Le 14 mars 1990, le député au Parlement fédéral soviétique Youri Afanassiev, déclara à la tribune, retransmis par la télévision : « nous avons appris de toute notre histoire ce que c’est que la force. Toute notre histoire, c’est justement la force, la violence. Si notre chef et fondateur a réellement jeté les fondements de quelque chose, c’est de l’élévation de la violence, de la terreur de masse, en principe d’Etat. Il a élevé l’illégalité en principe politique de l’Etat. » Il désignait officiellement Lénine.
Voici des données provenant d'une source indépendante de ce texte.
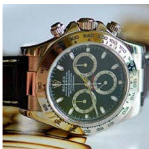
ロレックス スーパーコピー オイスターペチュアル デイトナ 116519-2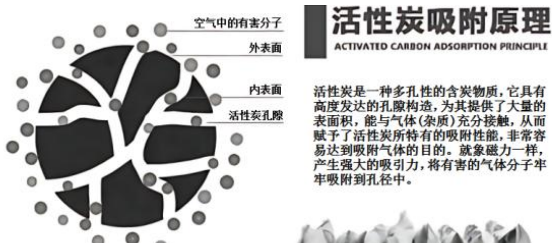
图 4.1-2 活性炭吸附原理图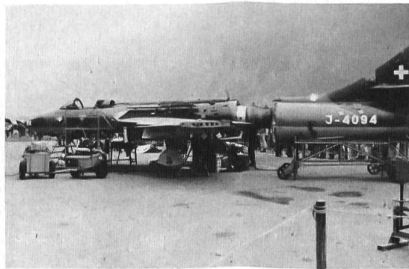
Revisionsarbeiten an einem Hunter. 10 Fachspezialistengruppen sind daran beteiligt. Der Arbeitsablauf ist im 24-Stunden-Betrieb gewährleistet.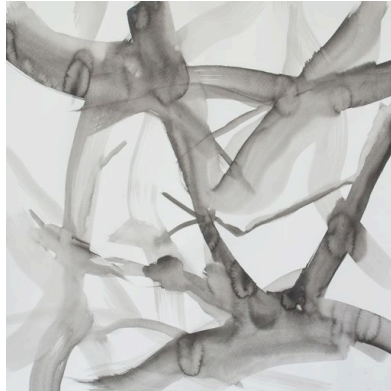
Kersenboom, o.i.inkt, 2011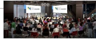
SHIBUYA QWS SCRAMBLE HALL イメージ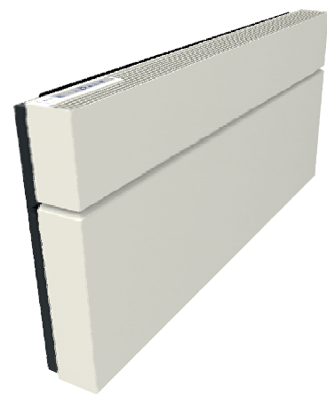
ClimaRad Care H1C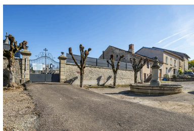
La rue Bontemps : entrée du cimetière. IVR43_20217000662NUC4A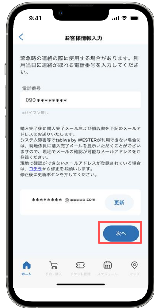
⑦お客様情報を入力し [次へ] をタップ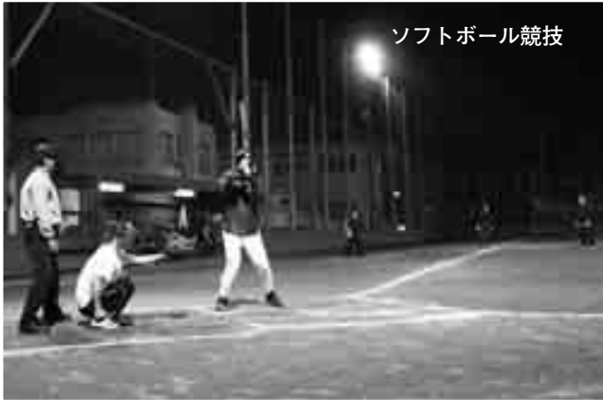
ソフトボール競技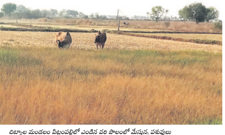
బిట్యాల మండలం పట్టణంలో ఎండం వల పొలంలో మేస్తున్న పశువులు

Mélenchon, comme tous les tribuns sûrs que « le peuple » a raison, raisonne (résonne ?) de la même façon.

Après Lénine, le pouvoir glissera dans les mains de la fraction dirigeante du Parti qui flagornera Staline, destituera Khrouchtchev, encensera Brejnev, et opposera son inertie aux réformes de Gorbatchev. Ce dernier reste dans la lignée des dirigeants soviétiques, il est le « chef d’orchestre » – tout comme Mélenchon se veut le porte-parole de la base en mouvement.
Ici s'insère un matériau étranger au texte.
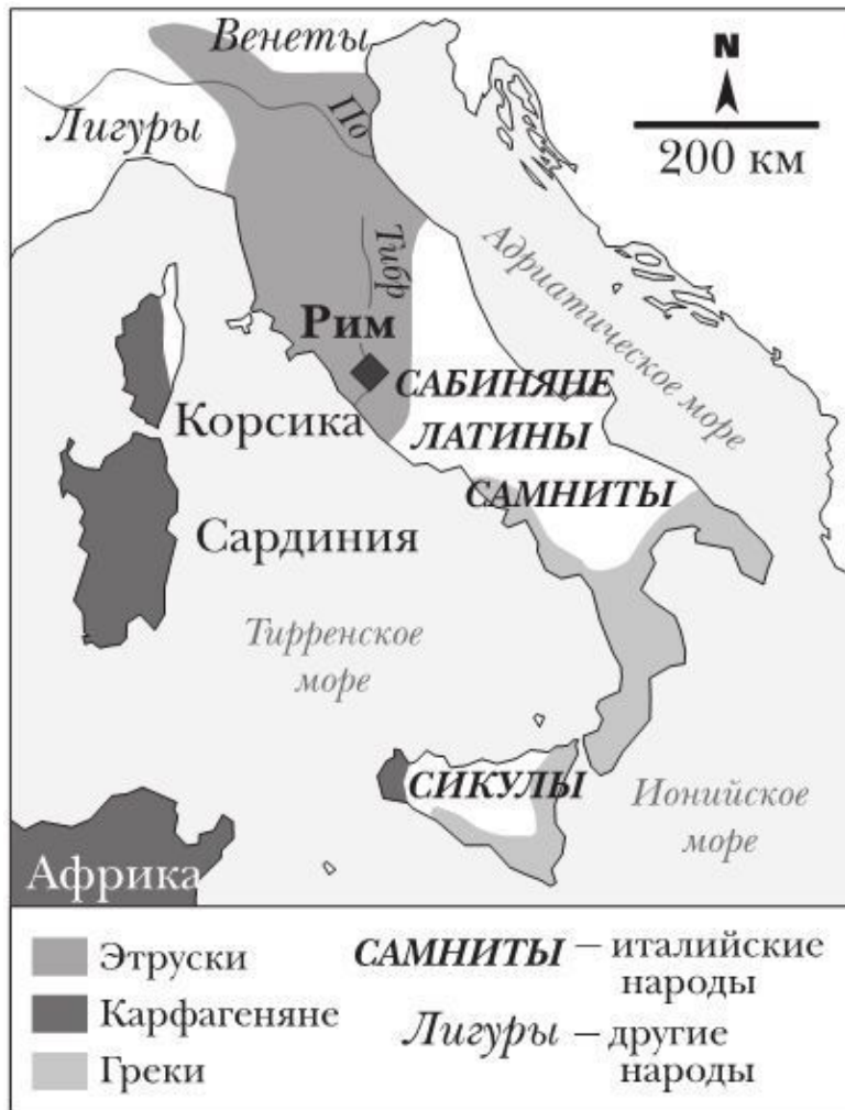
Италия в VIII веке до н. э.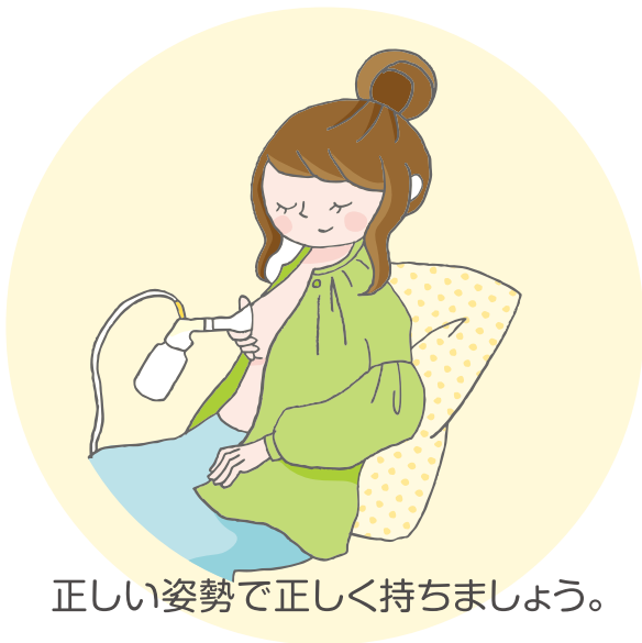
正しい姿勢で正しく持ちましょう。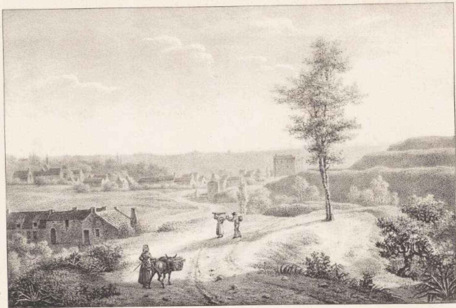
Vue de St Gilles faubourg de Sironcelles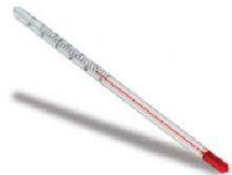
Gambar 2. Termometer Laboratorium

Bentuknya panjang dengan skala dari -10^{\circ}\text{C} sampai 110^{\circ}\text{C} menggunakan raksa, atau alkohol.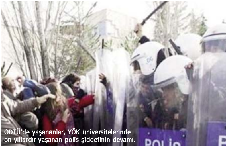
ODTÜ'de yaşananlar, YÖK üniversitelerinde on yıllardır yaşanan polis şiddetinin devamı.

AKP'liler tarafından üretilen ODTÜ'de öğrencilerin 'karanlık güçler tarafından' harekete geçirildiği, cam kırıp banka soydukları, polisi dövdükleri ve kendilerini dövmesi için kışkırttıkları, bıçakla gezdikleri gibi saldırgan argümanlara karşı ODTÜ'lülerle dayanışmak önemli, ancak yetmez. Öğrenim döneminin sonuna yaklaşırken ortaya çıkan bu

La volonté de Gorbatchev est de conduire le changement d’un régime socialiste autoritaire à un régime adapté aux aspirations nouvelles d’une société plus éduquée. A ses débuts, Gorbatchev (comme Mélenchon) prenait pour modèle Lénine. Avec le temps et les bouleversements irréversibles concédés d’en haut puis conquis par la base en une dialectique sociale difficilement maîtrisable, la référence à Lénine n’est plus que de méthode : il s’agit d’être aussi souple que lui dans la direction du pays, d’accompagner les masses dans leur révolution. Le régime se créera de lui-même par la dynamique des réformes et les poussées de la société (c’est ce que dit Mélenchon). Dans un premier temps, le régime soviétique se coulera dans les formes – anciennes, faute de références – du nationalisme ou des clivages politiques de l’avant-1917 (libéralisme, slavisme, nationalisme, etc.).

Peut-être ne sera-ce pas de la démocratie, au sens où l’entend Emmanuel Lévinas : « en se reconnaissant imparfaite, en ménageant un recours à la personne jugée, la justice en est déjà à la question de l’Etat. Voilà pourquoi la démocratie est le prolongement nécessaire de l’Etat. Elle n’est pas un régime possible parmi d’autres, mais le seul qui convienne. Puisqu’elle sauvegarde la capacité d’améliorer ou de changer la loi en changeant – triste logique ! – de tyran, ce personnage malgré tout indispensable à l’Etat » (entretien à l’Express du 6 juillet 1990).

L’exemple historique – vécu – du modèle soviétique et de son inefficacité tyrannique devrait nous mettre en garde contre les tentations du retour du même. Via Mélenchon entre autres Chavez et Maduro. C’est à cela que doit servir la remémoration d’octobre 1917.